Доктор Штайн прекрасно знала, почему назначила бета-блокаторы Хуану Диего: ее дорогой друг рисковал получить инфаркт. У него было не только весьма высокое давление (170 на 100), но он был почти уверен, что его мать и один из его возможных отцов умерли от инфаркта; его мать – определенно от этого, еще молодой. У Хуана Диего не было недостатка в адреналине – гормоне «борьбы или бегства», который выделяется в моменты стресса, страха, бедствия и беспокойства, а также во время сердечного приступа. Кроме того, под действием адреналина кровь отливает от кишечника и прочих внутренностей и приливает к мышцам, чтобы вы смогли убежать. (Возможно, у читателя свалки было больше потребности в адреналине, чем у большинства людей.)
Бета-блокаторы не предотвращают инфаркт миокарда, объяснила доктор Штайн Хуану Диего, но эти препараты блокируют адреналиновые рецепторы и таким образом защищают сердце от потенциально разрушительного действия адреналина, выделяемого во время сердечного приступа.

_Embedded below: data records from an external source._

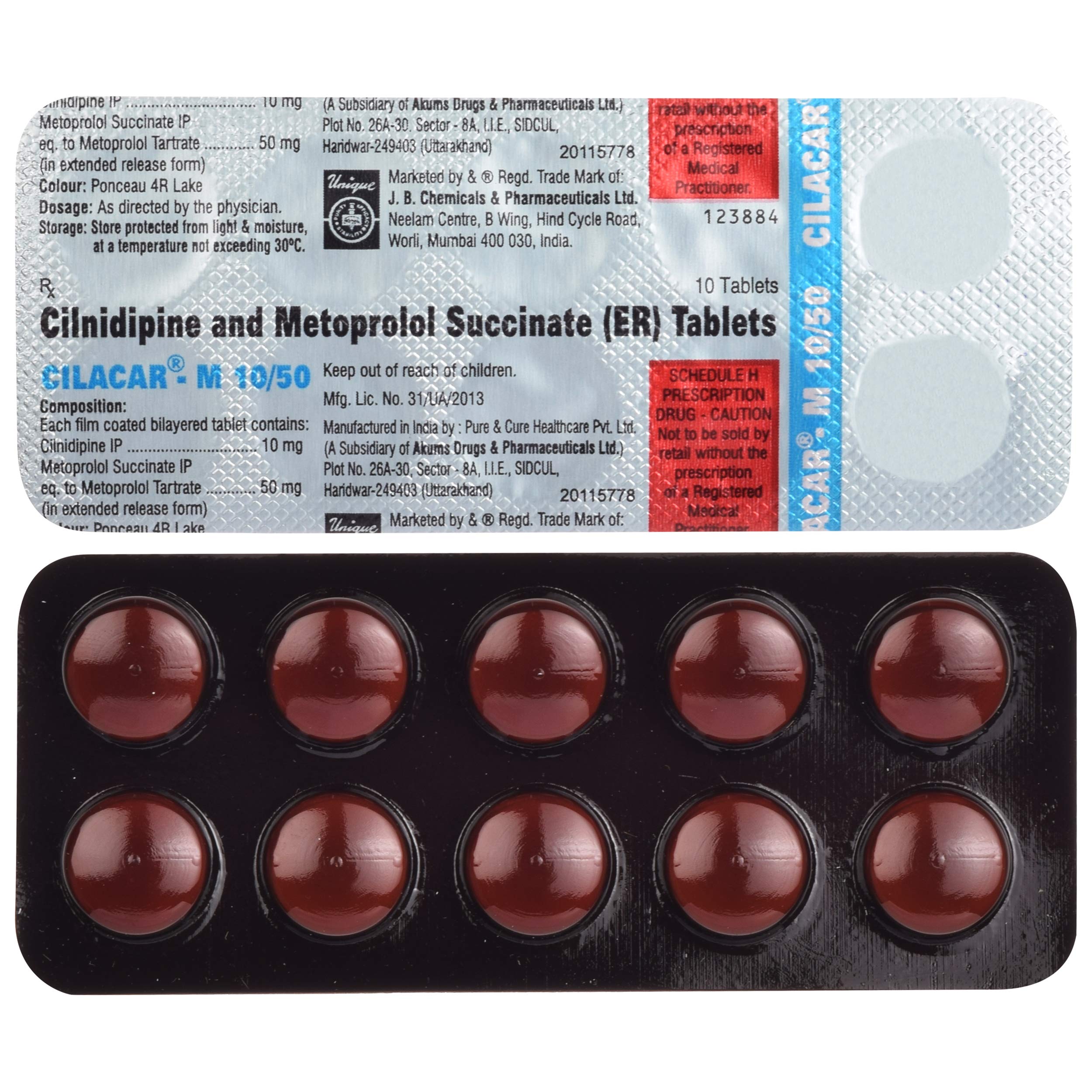 Cilacar-M 10/50 Tablet ER is a medicine used to treat hypertension (high blood pressure). It is a combination of two medicines that effectively controls blood pressure when a single medication is not effective. By lowering the blood pressure, it helps in preventing future heart attacks and strokes.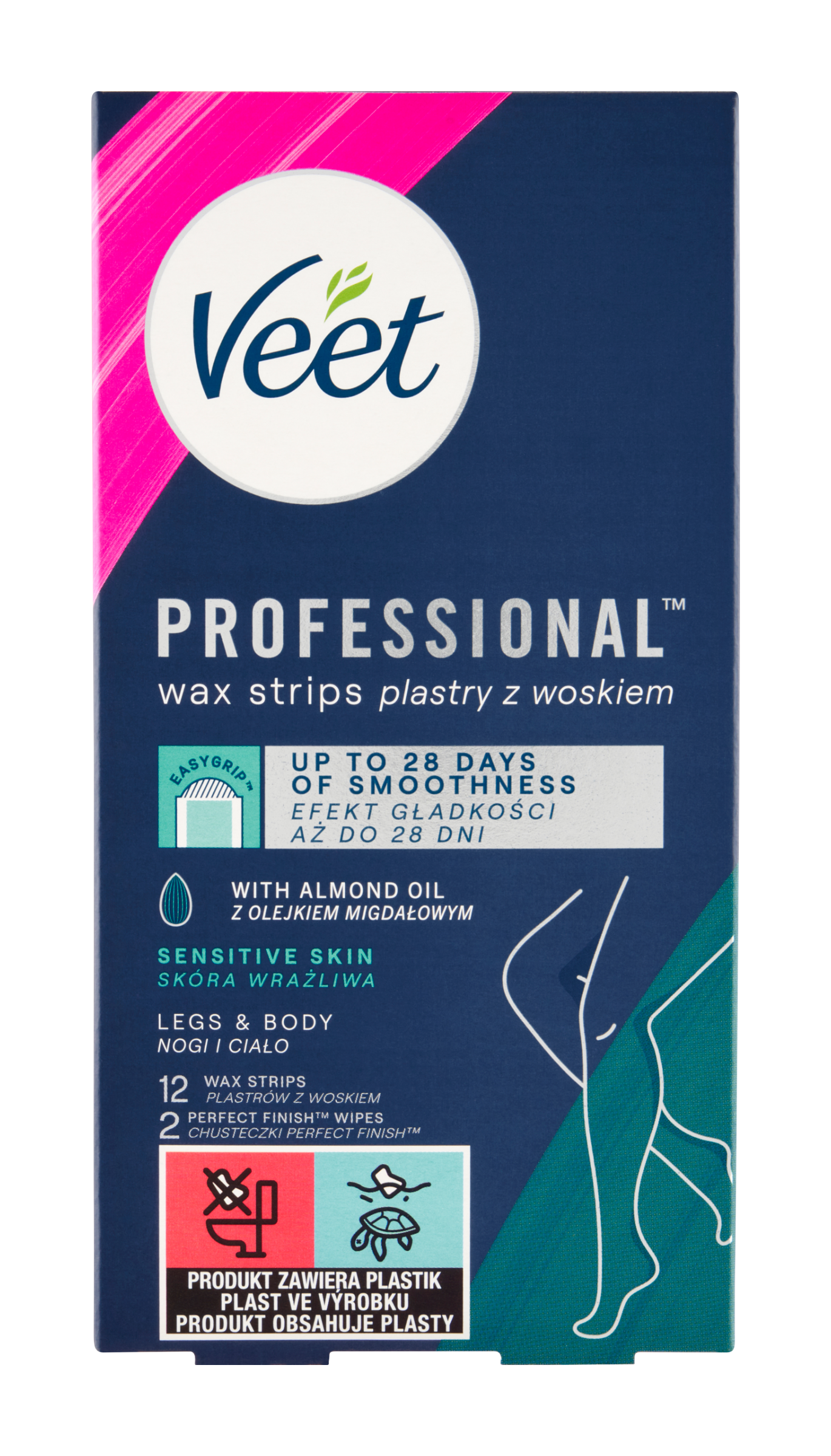 POKYNY PRO BEZPEČNÉ POUŽITÍ: Uchovejte vnější obal. Před použitím si přečtěte všechna bezpečnostní upozornění a pokyny a dodržujte je. Vhodné k použití na nohách, rukou, v podpaží a na linii bikin. NEVHODNÉ pro použití na hlavu, obličej, uši, kolem konečníku, genitálií a bradavek nebo na jiné části těla. Nepoužívejte na křečové žíly, opary, jizvy, znaménka, špinavou, nezahojenou, podrážděnou, spálenou pokožku nebo na pokožku, u níž se v minulosti vyskytly nežádoucí reakce na vosky. Před dalším odstraňováním chloupků vždy počkejte 72 hodin. Před použitím se poraďte se svým lékařem, pokud užíváte jakýkoli lék, který může mít vliv na pokožku, nebo pokud trpíte jakoukoli nemocí kůže. Používání vosku není vhodné pro seniory, diabetiky nebo osoby užívající perorální retinoidy. Pokud jste nikdy vosk nepoužívali, doporučujeme začít s odstraněním chloupků nohou. Použijte na citlivé části podpaží a bikin, pouze pokud již máte s přípravkem zkušenost. Před použitím se ujistěte, že je vaše pokožka suchá, nepodrážděná a nejsou na ní přítomny krémy, oleje nebo deodoranty. Před každým použitím vyzkoušejte reakci pokožky na malé části oblasti, kterou chcete ošetřit podle pokynů pro použití. Pokud po 24 HODINÁCH nedojde k žádné nežádoucí reakci, pokračujte v užívání. Pokud během používání zažíváte jakékoliv štípání nebo mravenčení, okamžitě odstraňte výrobek pomocí zadní části použitého pásku, ubrousku Perfect Finishᵀᴹ nebo dětského oleje a pak důkladně opláchněte studenou vodou. Pokud pocit pálení přetrvává, vyhledejte lékařskou pomoc. Nepoužívejte vosk na stejné ploše více než jednou. Pokožka může být krátce po použití citlivější, proto ji neškrábejte. Po použití doporučujeme počkat 24 hodin před použitím jakéhokoli parfémovaného výrobku, umělé opalovací techniky, před koupáním nebo opalováním. Pokud vám dojdou ubrousky Perfect Finishᵀᴹ, můžete použít dětský olej. K odstranění vosku nepoužívejte vodu, mýdlo ani alkohol. UDRŽUJTE MIMO DOSAH DĚTÍ. Při požití okamžitě vyhledejte lékařskou pomoc a ukažte lékaři vnější obal. Zabraňte kontaktu s očima. Při zasažení očí okamžitě důkladně vypláchněte oči velkým množstvím vody a vyhledejte lékařskou pomoc. Všechny zbývající pásky skladujte na chladném a suchém místě.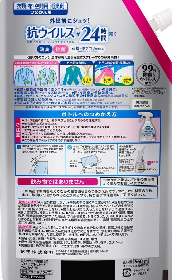 KAO リセッシュ除菌EX プロテクトガード 詰替 スパウトパウチ 660mL スプレータイプ 消臭 芳香剤 室内用 清掃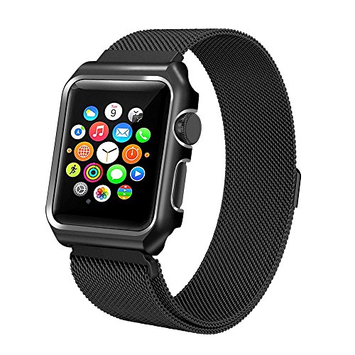 -. Title : Apple Watch Band 42mm , EACC Stainless Steel Milanese Loop with Metal Protect Case Frame, Adjustable Replacement Strap with Magnetic Closure for iWatch Series 3 2 1 Sport & Edition – Black

– Где находятся мои чертовы адреналиновые рецепторы? – спросил Хуан Диего доктора Штайн (в шутку он называл ее «доктор Розмари»).
– В легких, в кровеносных сосудах, в сердце – почти везде, – ответила она. – Адреналин заставляет сердце биться быстрее. Дыхание затрудняется, волоски на руках встают дыбом, зрачки расширяются, сосуды сужаются – нет ничего хорошего, если у вас сердечный приступ.
– А что было бы хорошо, если у меня сердечный приступ? – спросил ее Хуан Диего. (Дети свалки настойчивы – они из разряда упрямых.)
– Чтобы сердце билось медленно, тихо и расслабленно, а не колотилось как сумасшедшее, – сказала доктор Штайн. – У человека на бета-адреноблокаторах медленный пульс; такой пульс, что бы ни случилось, не может увеличиться.